## [What the exercise asks]
Copy the data that follows, character for character, minus the pictures.

## [Given data]
+ + + + + + +

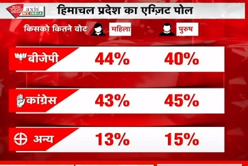इंडिया टुडे एक्सिस माई इंडिया के मुताबिक हिमाचल प्रदेश में 44 फीसदी महिलाओं ने भाजपा को वोट किया है. तो वहीं 40 फीसदी पुरुषों ने भाजपा को वोट किया है. इसके अलावा इन चुनावों में कांग्रेस भी कड़ी टक्कर देती नजर आ रही है. 43 फीसदी महिलाओं ने कांग्रेस को वोट दिया है तो 45 फीसदी पुरुषों ने कांग्रेस पर भरोसा जताया. इसके अलावा 13 फीसदी महिलाएं और 15 फीसदी पुरुषों ने अन्य दलों को वोट किया है.
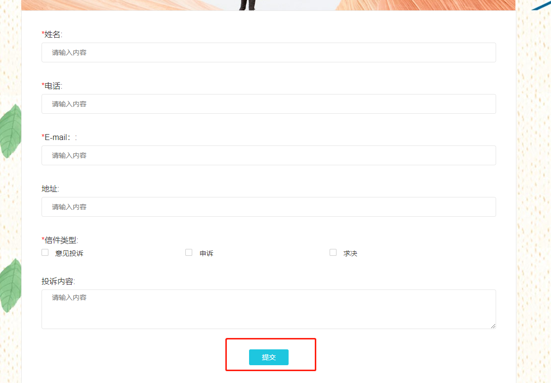 网页投诉建议 点击提交时,请求的接口路径是什么?
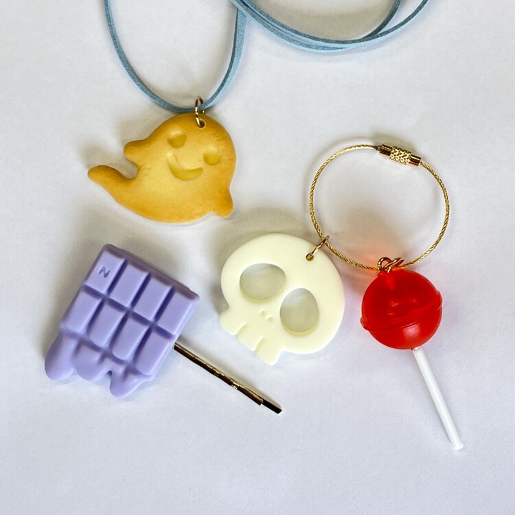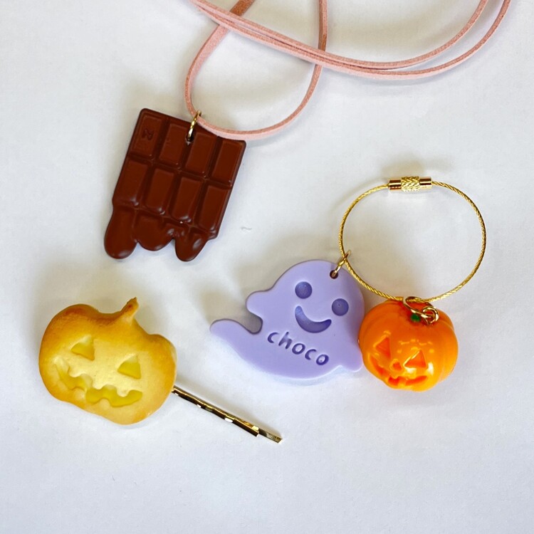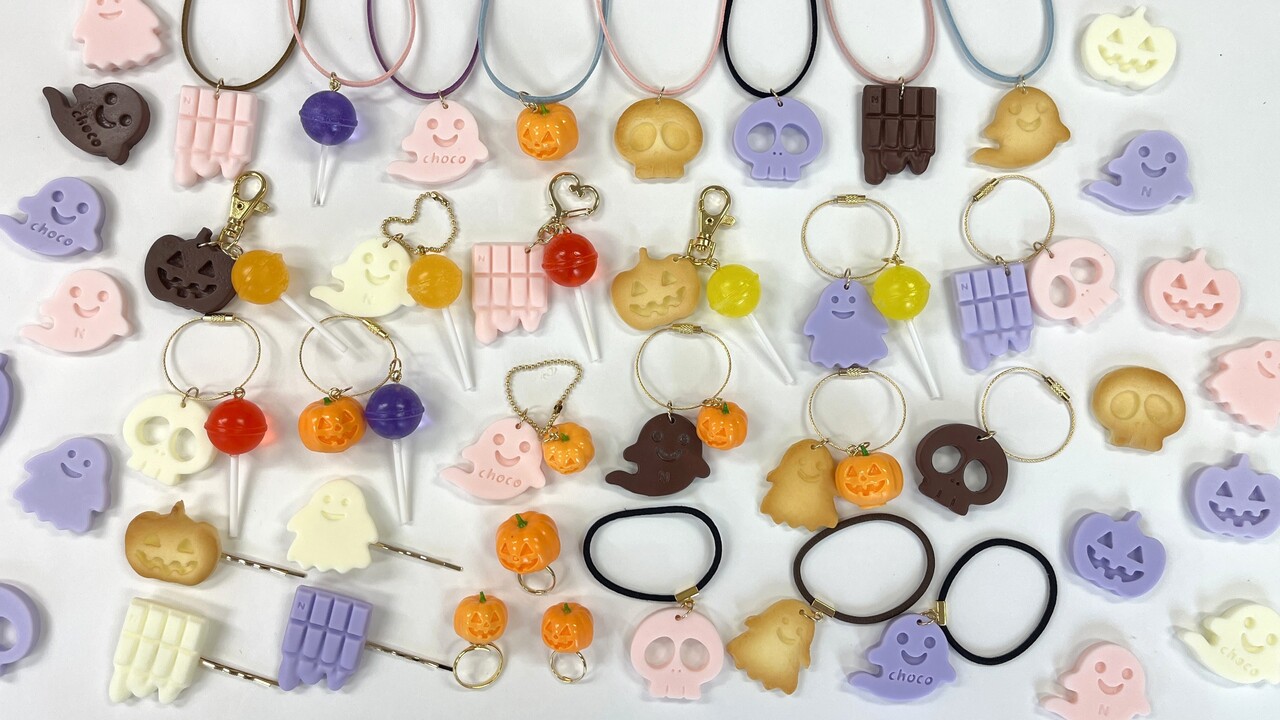 イベント出展2025.09.24食品サンプルのお菓子でハロウィンのかわいい小物を作ろう!「10月11日~13日 有明ガーデン」にて「ありはろ」に出店します。食品サンプルのお菓子でハロウィンのかわいい小物を作ろう!です。おばけ ガイコツ かぼちゃ チョコレート キャンディ、好きなモチーフを選んで、ネックレス、チャーム、ヘアゴム、ヘアピン、リングを作れます。お菓子の組み合わせを考えるのはとても楽しいですよ。^^現在、パーツを制作中ですので、途中経過をちょいちょい公開していきます。^^

+ + + + + + +

## [Exercise output]
इंडिया टुडे एक्सिस माई इंडिया के मुताबिक हिमाचल प्रदेश में 44 फीसदी महिलाओं ने भाजपा को वोट किया है. तो वहीं 40 फीसदी पुरुषों ने भाजपा को वोट किया है. इसके अलावा इन चुनावों में कांग्रेस भी कड़ी टक्कर देती नजर आ रही है. 43 फीसदी महिलाओं ने कांग्रेस को वोट दिया है तो 45 फीसदी पुरुषों ने कांग्रेस पर भरोसा जताया. इसके अलावा 13 फीसदी महिलाएं और 15 फीसदी पुरुषों ने अन्य दलों को वोट किया है.
 网页投诉建议 点击提交时,请求的接口路径是什么?
 イベント出展2025.09.24食品サンプルのお菓子でハロウィンのかわいい小物を作ろう!「10月11日~13日 有明ガーデン」にて「ありはろ」に出店します。食品サンプルのお菓子でハロウィンのかわいい小物を作ろう!です。おばけ ガイコツ かぼちゃ チョコレート キャンディ、好きなモチーフを選んで、ネックレス、チャーム、ヘアゴム、ヘアピン、リングを作れます。お菓子の組み合わせを考えるのはとても楽しいですよ。^^現在、パーツを制作中ですので、途中経過をちょいちょい公開していきます。^^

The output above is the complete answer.